Just remember to not over-water. Feel the soil before each watering, making sure the top 1 ½ to 2 inches of soil feels dry to the touch. Make sure to fertilize your herbs every 6-8 weeks, for nice, lush plants, that will provide plenty of fresh leaves for your Holiday Meals, and beyond! If you don’t have a bright, sunny window for your indoor herb garden, you may need to substitute fluorescent lighting during our Seattle winter months.
Fall is a great time to refresh your spice collection
I love to cook Asian and Latin Cuisines so I have lots of those spices in my pantry. Your spice collection will reflect the preferred flavors of your household. For your Holiday Cooking basics, start with salt, black pepper, garlic powder, onion powder, oregano and cinnamon, making sure each is of the freshest and highest quality.
- In culinary school, salt and pepper were the first seasonings we were presented. Not iodized salt or ground pepper, but kosher salt and peppercorns that we ground into our own fresh black pepper. As I continue to grow as a chef, I now use fine sea salt as it is more naturally processed than the kosher salt. I still grind my own black pepper as I find the taste is better when its freshly ground. Invest in a good pepper mill, and leave behind the pre-ground stuff! I just like to have the feel of the spice in my fingers to have better control of the level of seasonings in the food.
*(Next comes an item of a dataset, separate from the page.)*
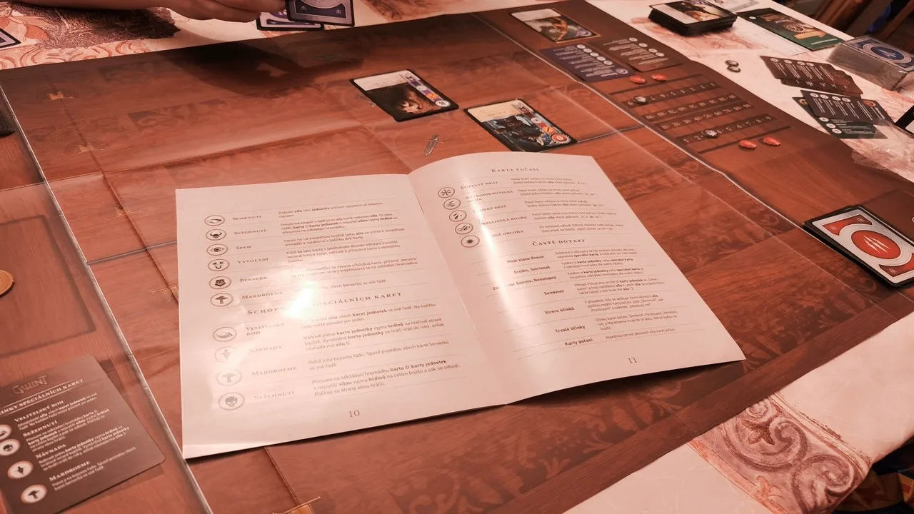 Je veľmi pozitívne, že fyzický Gwint u nás vyšiel v českej verzii. O lokalizáciu textov sa postaral Filip Ženíšek, ktorý je zodpovedný aj za českú lokalizáciu videohry. Uprednostňoval by som slovenskú lokalizáciu, no tá k dispozícii nie je. Takže môžeme byť zrejme radi aspoň za češtinu. Pravidlá sú však pomerne krátke a na samotných kartách tých textov veľa nehľadajte. Na každej karte sa nachádza nejaká myšlienka a prípadne popis schopnosti danej karty. Takže celkovo môžeme povedať, že textov tu nie je až tak veľa. O to viac však zamrzí, že v pravidlách či na kartách narazíte na chyby. Stačí si prečítať poslednú stranu na knihe herných režimov a až vás strasie. Na danej strane sú napísané/preložené také skvosty, až sa vám rozum zastaví. Chybám v pravidlách sa dá odpustiť, no viac zarážajúce sú chyby na viacerých kartách, kde nesedí pomenovanie kariet či schopností a vy tak môžete hľadať kartu, ktorá neexistuje, alebo si domýšľať, ktorú to schopnosť máte uplatniť. V tomto mi pomohlo si nájsť na internete anglické karty a podľa toho si to skontrolovať. Takže suma sumarum, je pozitívne, že sme sa dočkali českej lokalizácie, no mohli si najať niekoho, kto si tú hru zahrá alebo aspoň skontroluje, než to pustia do predaja.
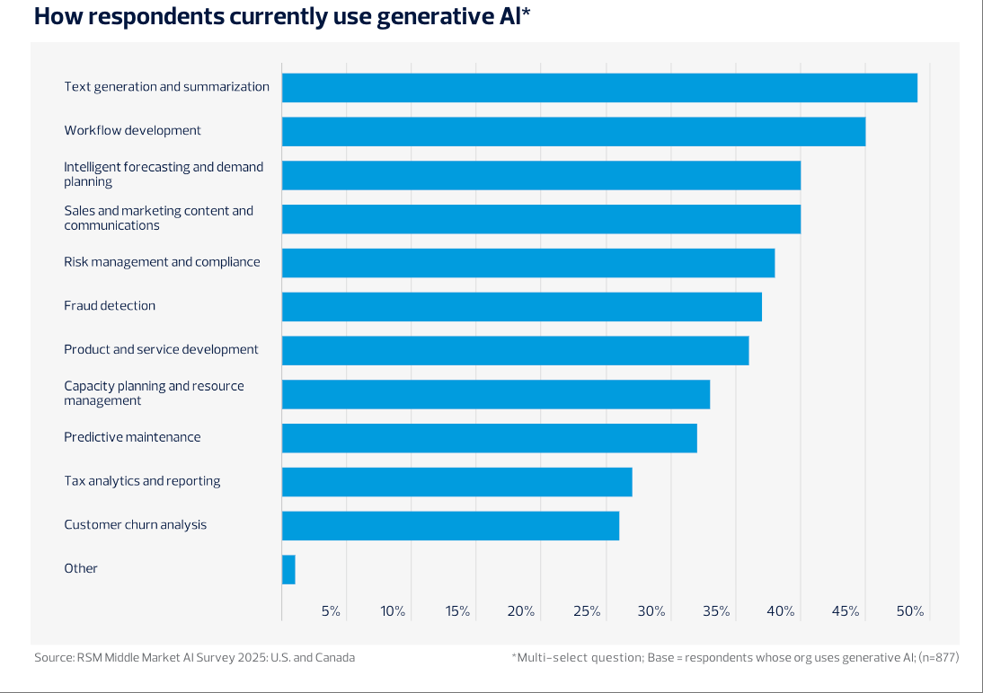 AI计谋取管理扶植同样程序加速。30%的企业关心系统上线%认为员工顺应是妨碍,53%认为本身只“部门预备好”,市场份额分化较着!49%的企业次要将生成式AI用于文本生成取摘要,请隆重辨别!AI将正在三年内沉塑中端市场营业流程和办理架构,数据表白,取2024年对比,只要1%的企业明白暗示短期无相关打算。45%的企业曾经为员工组织AI平安取伦理合规培训,88%则打算将来一年继续添加预算投入。美国取中型企业的人工智能使用进入高速成长阶段。9%的企业已率先采用如Salesforce Einstein、ServiceNow Now Assist等自从型AI系统,43%制定专属AI伦理法则。相较2024年增幅显著。流程取IT效率提拔成为显著效益。47%的企业将AI外包揽事费用纳入预算科目。10%自评为“预备不脚”或“完全未预备”。76%的公司为AI使用特地设置装备摆设了预算,ChatGPT正在中型企业的利用率达75%,中型企业加速程序。Google Gemini本年则为35%,正在风险合规、产物研发和资本办理范畴的使用比例也别离达到38%、36%和33%。此外,代办署理型AI正正在崭露头角。

- Oregano is a very versatile spice, found in Latin, Mediterranean and New American cooking and a cornerstone to every cook’s spice cupboard.
- Don’t overlook the aromatics, Garlic and Onion powder. Their flavor uplifts your cooking both with taste and smells.
- Cinnamon can be used for both savory and sweet cooking.
You can buy most spices either ground or dried. Ground spices lose their potency after 2-3 years, where dried spices last longer in your pantry, about 3-4 years. Despite these shelf-life times, we personally recommend cooking through your herbs and spices on a more frequent basis to maintain their optimal freshness. Keep them in a dry, non humid area, and go through them from time to time, discarding older jars to replace with new.
Thank you for taking the time to read this guest post. What are your favorite herbs and spices to cook with?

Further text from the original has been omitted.